Latent Uncertainty Representations for Video-based Driver Action and Intention Recognition
Koen Vellenga, H. Joe Steinhauer, Jonas Andersson, Anders Sjögren
TL;DR
This work addresses the need for reliable uncertainty estimation in video-based driver action and intention recognition under resource constraints. It introduces Latent Uncertainty Representations (LUR) and a repulsively trained variant (RLUR), which add transformation layers to latent features to obtain multiple uncertainty-aware predictions without altering the core architecture. Across four datasets, LUR demonstrates competitive in-distribution accuracy and strong uncertainty-based OOD detection, often matching top last-layer probabilistic methods while being more efficient. The findings suggest that latent-space transformations offer a practical, scalable route to robust uncertainty estimation in real-time driving applications, with potential extensions to deeper transformations and alternative uncertainty measures.
Abstract
Deep neural networks (DNNs) are increasingly applied to safety-critical tasks in resource-constrained environments, such as video-based driver action and intention recognition.
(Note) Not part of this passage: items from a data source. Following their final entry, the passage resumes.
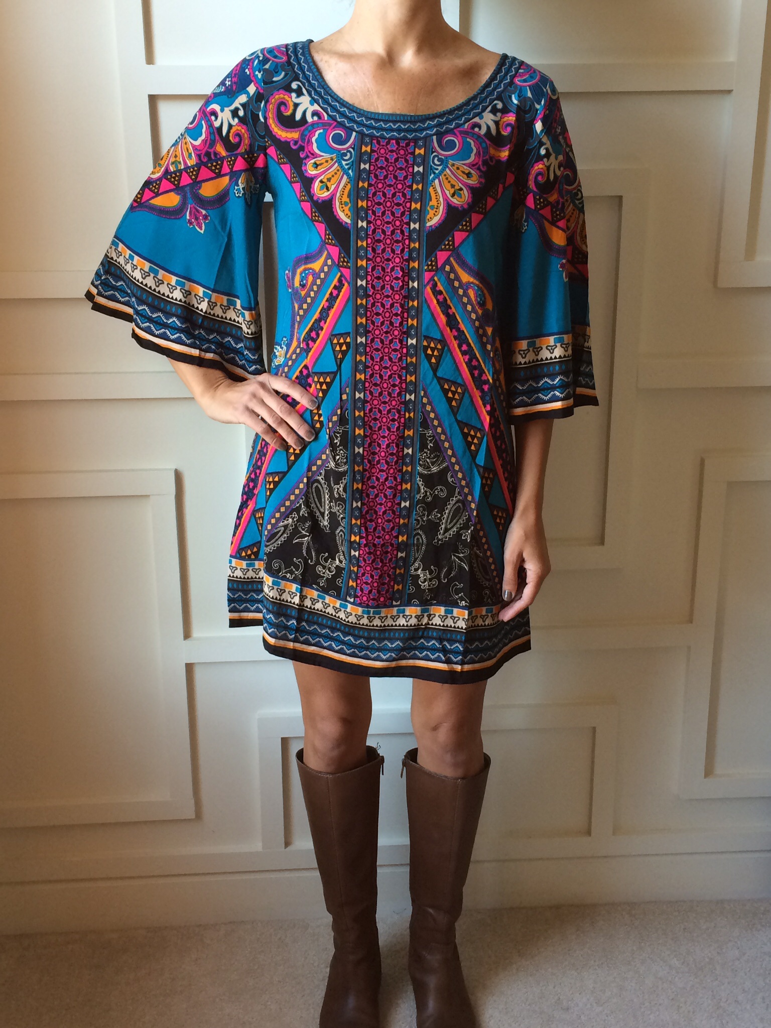 Loving this fun shift dress! It looks amazing with brown knee high boots or cowboy boots! Layer with a jean jacket to complete your look.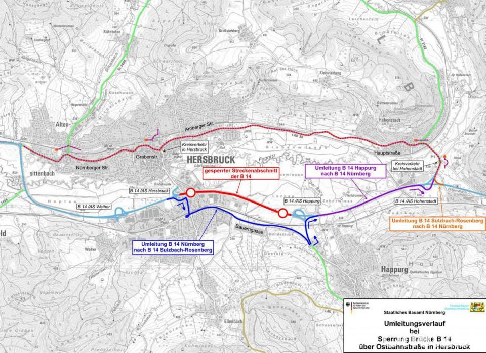 Die Umleitungsstrecken sind aus der beigefügten Karte ersichtlich: 1.) B14-Verkehr in Richtung Sulzbach-Rosenberg: Der Verkehr der B 14 aus Richtung Nürnberg kommend wird unmittelbar an der B 14-Brücke ausgeleitet, dann auf der Ostbahnstraße, Leutenbachstraße und rechts über die Sandgasse und Bauerngasse durch Hersbruck geführt. Über eine Ortsverbindungsstraße wird dann die Staatsstraße 2236 bei Happurg und schließlich wieder die Bundesstraße 14 erreicht. Die bestehende 30-km/h-Regelung in der Bauerngasse bleibt bestehen, zusätzlich wird die zulässige Geschwindigkeit zwischen der Bauerngasse und Happurg zur Verbesserung der Verkehrssicherheit während der Umleitung reduziert.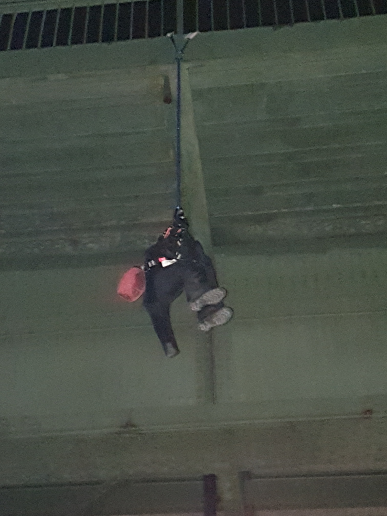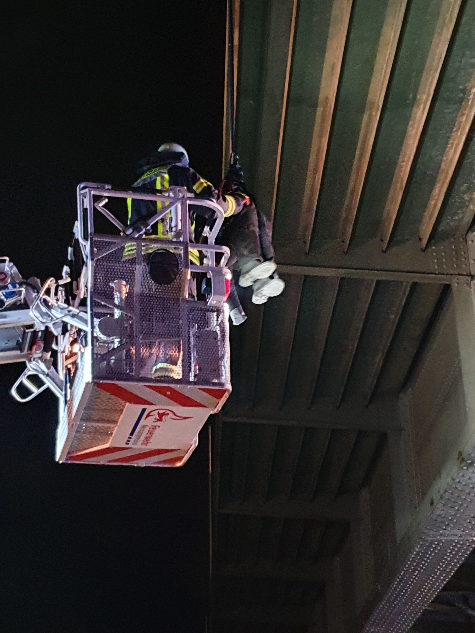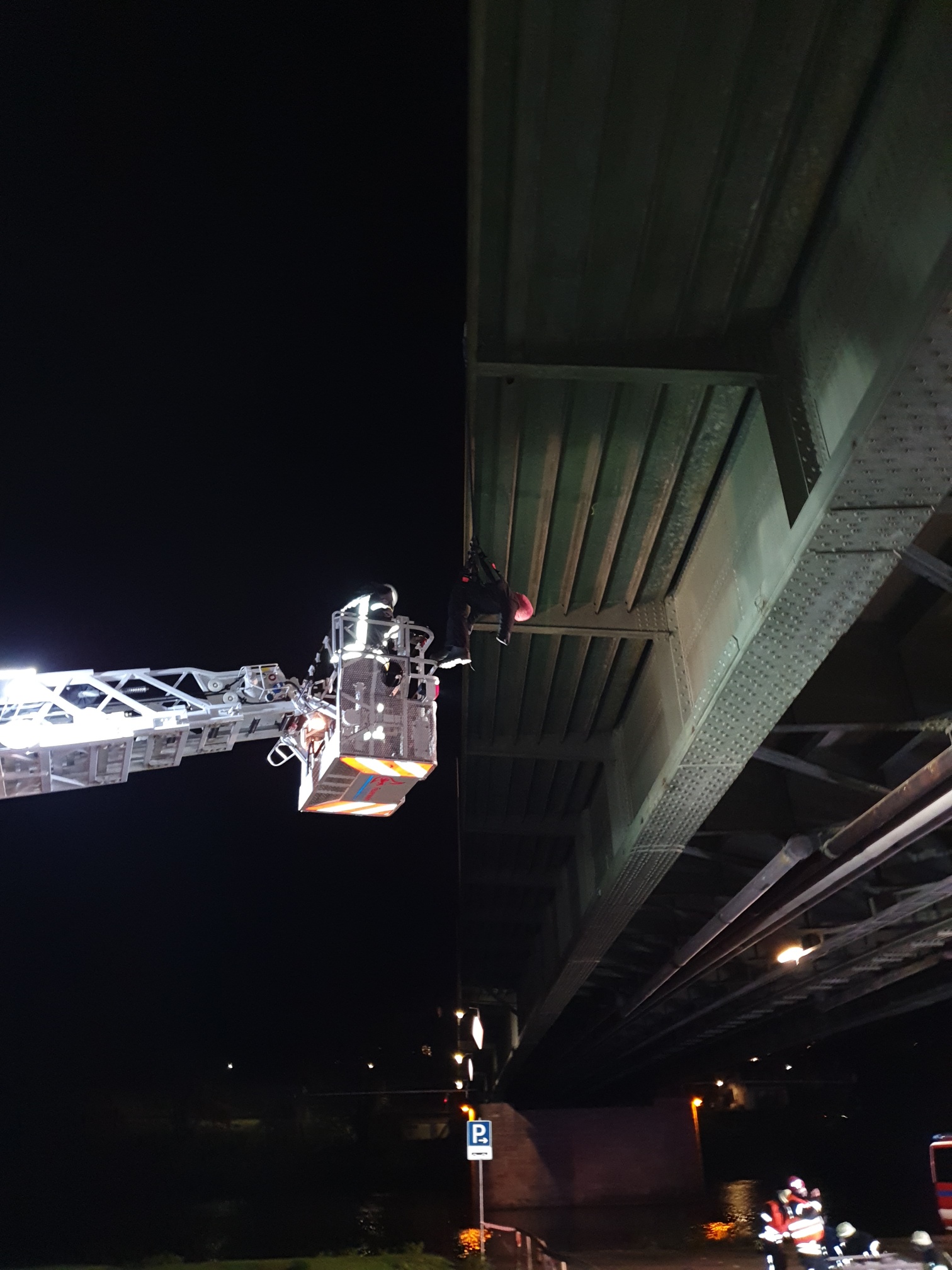An der Friedensbrücke fanden Reinigungsarbeiten auf einer Arbeitsplattform statt. Durch die Erschütterung der Reparaturen, stürzte die komplett durchgerostete Plattform ab. Ein Arbeiter befand sich auf der Plattform und fiel dabei in seinen Gurt und konnte sich selbst nicht mehr retten. Die abgestürzte Plattform trifft zudem einen Spaziergänger, Teile der Plattform klemmen nun seine Beine ein. Eine weitere Arbeiterin war gerade Kaffee holen, wurde somit nicht verletzt und konnte die Feuerwehr alarmieren.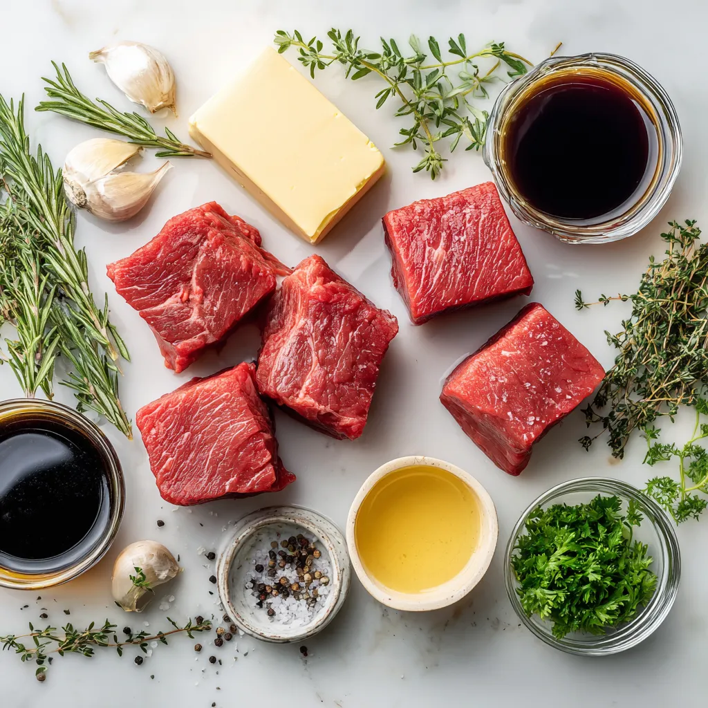 Die Zutaten für meine Slow Cooker Garlic Butter Beef Bites sind einfach, aber voller Geschmack. Beginnen wir mit dem Rindfleisch. Sirloin ist perfekt, weil es zart und saftig ist. Das macht die Bissen besonders lecker.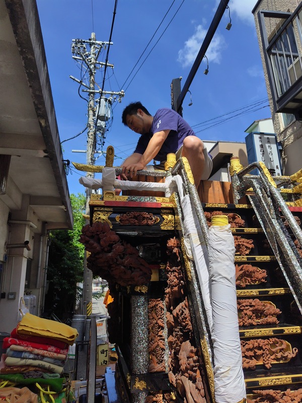 5/11 上本町は蔵改めと準備を行いました!第一組 上本町包帯を取り、燭台と電飾を取り付けます。こらっ、サボるな!本天幕縁の縫い目が開いてきたので、修理に出しました。縫い目を確認し、竿を差します。樫木材に割竹を貼り付けている柔と剛を兼ね備えた竿です。万燈の中に ...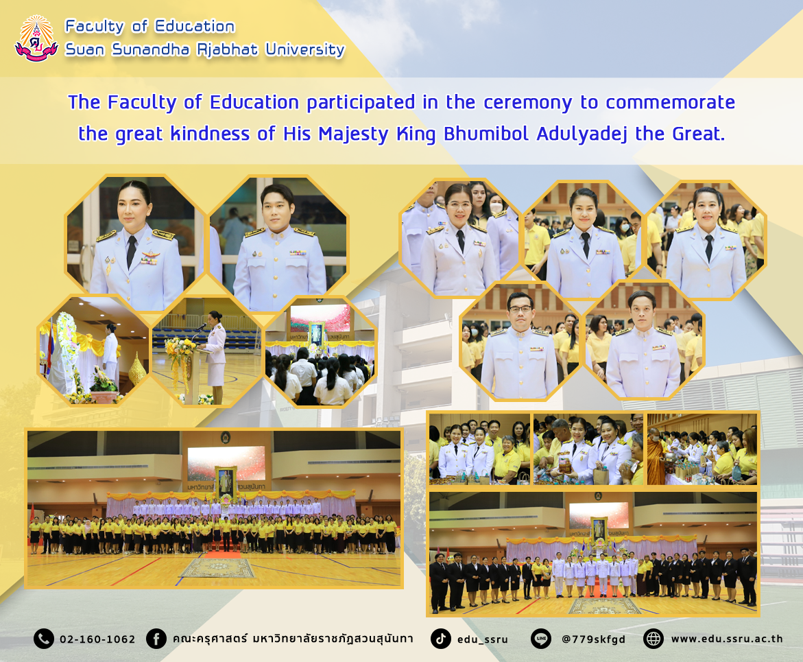 On October 11, 2024, the Faculty of Education, Suan Sunandha Rajabhat University, led by Assistant Professor Dr. Kannika Phiromrat, Dean of the Faculty of Education, Assistant Professor Dr. Boonrudee Udomphol, Deputy Dean for Planning and Quality Assurance, Assistant Professor Tasanee Setthapong, Deputy Dean for Academic Affairs, Mr. Wiraphon Rattanawar, Deputy Dean for Administration, Assistant Professor Phanuwat Siwasakulrat, Deputy Dean for Student Affairs and faculty personnel, participated in the ceremony to commemorate the great kindness of "King Bhumibol Adulyadej the Great", chaired by Associate Professor Dr. Chutikan Srivibul, President, along with executives, personnel, students, and students attending the ceremony at the Health and Sports Center Building, 4th floor.

While last layer probabilistic deep learning (LL-PDL) methods can detect out-of-distribution (OOD) instances, their performance varies. As an alternative to last layer approaches, we propose extending pre-trained DNNs with transformation layers to produce multiple latent representations to estimate the uncertainty. We evaluate our latent uncertainty representation (LUR) and repulsively trained LUR (RLUR) approaches against eight PDL methods across four video-based driver action and intention recognition datasets, comparing classification performance, calibration, and uncertainty-based OOD detection. We also contribute 28,000 frame-level action labels and 1,194 video-level intention labels for the NuScenes dataset. Our results show that LUR and RLUR achieve comparable in-distribution classification performance to other LL-PDL approaches. For uncertainty-based OOD detection, LUR matches top-performing PDL methods while being more efficient to train and easier to tune than approaches that require Markov-Chain Monte Carlo sampling or repulsive training procedures.